Pool Location Workers Purpose
Lane executor lane_manager.py 4 (MAX_CONCURRENT_JOBS) Runs claimed jobs in threads
Legacy job executor job_queue.py 4 (MAX_CONCURRENT_JOBS) Fallback if lane manager unavailable
Local embedding embedding_worker.py 1 (fixed) Serializes GPU/CPU model access
Graph parallelizer graph_parallelizer.py 8 (per-request) Multi-hop Cypher fan-out

All heavy work (database queries, LLM calls, embeddings) runs in synchronous threads. The async event loop orchestrates via loop.run_in_executor().

Connection Pools

The platform uses psycopg2's ThreadedConnectionPool (synchronous). There is no async database driver.

Pool Location Min/Max Purpose
Job queue job_queue.py 1/10 Job lifecycle and claim operations
AGEClient age_client/base.py 1/20 Cypher graph queries
Auth dependencies/auth.py 1/5 RBAC permission checks

Each AGEClient() instantiation creates its own pool. With default lane config (4 total slots), worst case is ~80 connections from workers plus the job queue and auth pools. The lane model bounds this indirectly by limiting concurrent workers.

Concurrency Controls

Control Mechanism Default Location
AI provider rate limiting threading.Semaphore per provider ollama=1, anthropic=4, openai=8 rate_limiter.py
Global graph workers threading.Semaphore singleton 8 graph_parallelizer.py
Lane slot enforcement In-memory set + call_soon_threadsafe Per lane config lane_manager.py
Job claim atomicity FOR UPDATE SKIP LOCKED lane_manager.py
API backoff Exponential retry with jitter 60s cap rate_limiter.py
Cancellation Poll cancelled column at chunk boundaries job_queue.py
Global thread cap MAX_CONCURRENT_THREADS env var 32 rate_limiter.py

Tuning

When to increase slots

If ingestion jobs are queuing behind each other and the system has CPU/memory headroom, increase the interactive lane's max_slots:

# Via API (takes effect on next poll cycle)
curl -X PATCH http://localhost:8000/admin/workers/lanes/interactive \
  -H "Authorization: Bearer $TOKEN" \
  -d '{"max_slots": 3}'

When to reduce poll interval

If the 2-second interactive poll delay is noticeable for user-triggered ingestion, reduce poll_interval_ms.
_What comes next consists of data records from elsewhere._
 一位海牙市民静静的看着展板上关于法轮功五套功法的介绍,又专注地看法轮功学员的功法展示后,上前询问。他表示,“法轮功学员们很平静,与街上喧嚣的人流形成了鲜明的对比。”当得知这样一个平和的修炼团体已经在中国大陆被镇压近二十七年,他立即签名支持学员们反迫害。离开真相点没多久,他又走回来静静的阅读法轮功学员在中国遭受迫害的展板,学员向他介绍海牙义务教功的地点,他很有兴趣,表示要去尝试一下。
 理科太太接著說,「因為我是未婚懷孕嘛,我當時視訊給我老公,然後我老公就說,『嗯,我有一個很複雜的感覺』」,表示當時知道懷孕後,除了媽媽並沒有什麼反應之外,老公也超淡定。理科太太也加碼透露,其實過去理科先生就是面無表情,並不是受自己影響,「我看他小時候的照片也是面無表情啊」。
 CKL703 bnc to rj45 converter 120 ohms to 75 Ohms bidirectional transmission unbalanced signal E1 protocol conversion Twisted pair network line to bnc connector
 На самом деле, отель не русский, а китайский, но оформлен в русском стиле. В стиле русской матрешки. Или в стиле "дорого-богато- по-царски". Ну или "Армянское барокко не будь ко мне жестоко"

Lower values increase database polling load slightly.

When to drain a lane

For maintenance operations (database migrations, schema changes), drain a lane to stop claiming new jobs while letting running jobs finish:

curl -X PATCH http://localhost:8000/admin/workers/lanes/maintenance \
  -H "Authorization: Bearer $TOKEN" \
  -d '{"enabled": false}'

Re-enable with {"enabled": true} when done.

Admin Endpoints

All endpoints require authentication and workers:view or workers:manage RBAC permissions.
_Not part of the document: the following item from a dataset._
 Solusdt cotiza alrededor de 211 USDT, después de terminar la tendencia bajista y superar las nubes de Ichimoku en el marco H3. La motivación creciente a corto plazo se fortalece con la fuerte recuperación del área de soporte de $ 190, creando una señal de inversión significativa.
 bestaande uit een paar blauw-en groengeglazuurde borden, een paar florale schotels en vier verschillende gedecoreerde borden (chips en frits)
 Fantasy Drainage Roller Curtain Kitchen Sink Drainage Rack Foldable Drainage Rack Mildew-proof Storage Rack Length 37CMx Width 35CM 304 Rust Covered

Method Path Permission Purpose
GET /admin/workers/status workers:view Slot utilization, running jobs, queue depth
GET /admin/workers/lanes workers:view Per-lane config with utilization
PATCH /admin/workers/lanes/{name} workers:manage Update lane config at runtime
POST /admin/workers/jobs/{id}/cancel workers:manage Cancel a running job (sets cancelled flag)
PATCH /admin/workers/jobs/{id}/priority workers:manage Reprioritize a queued job

CLI Reference

kg admin workers          # Slot overview, lane summary, active jobs
kg admin workers lanes    # Per-lane config detail with utilization

MCP Resource

The workers/status MCP resource combines both status and lane data:

Resource URI: workers/status

RBAC

Permission Scope Grants
workers:view Platform Read lane config, slot utilization, queue depth
workers:manage Platform Cancel jobs, reprioritize, modify lane config, drain/resume lanes

Both permissions are granted to the platform_admin role by the ADR-100 migration. Custom roles can be granted either permission independently via the RBAC system.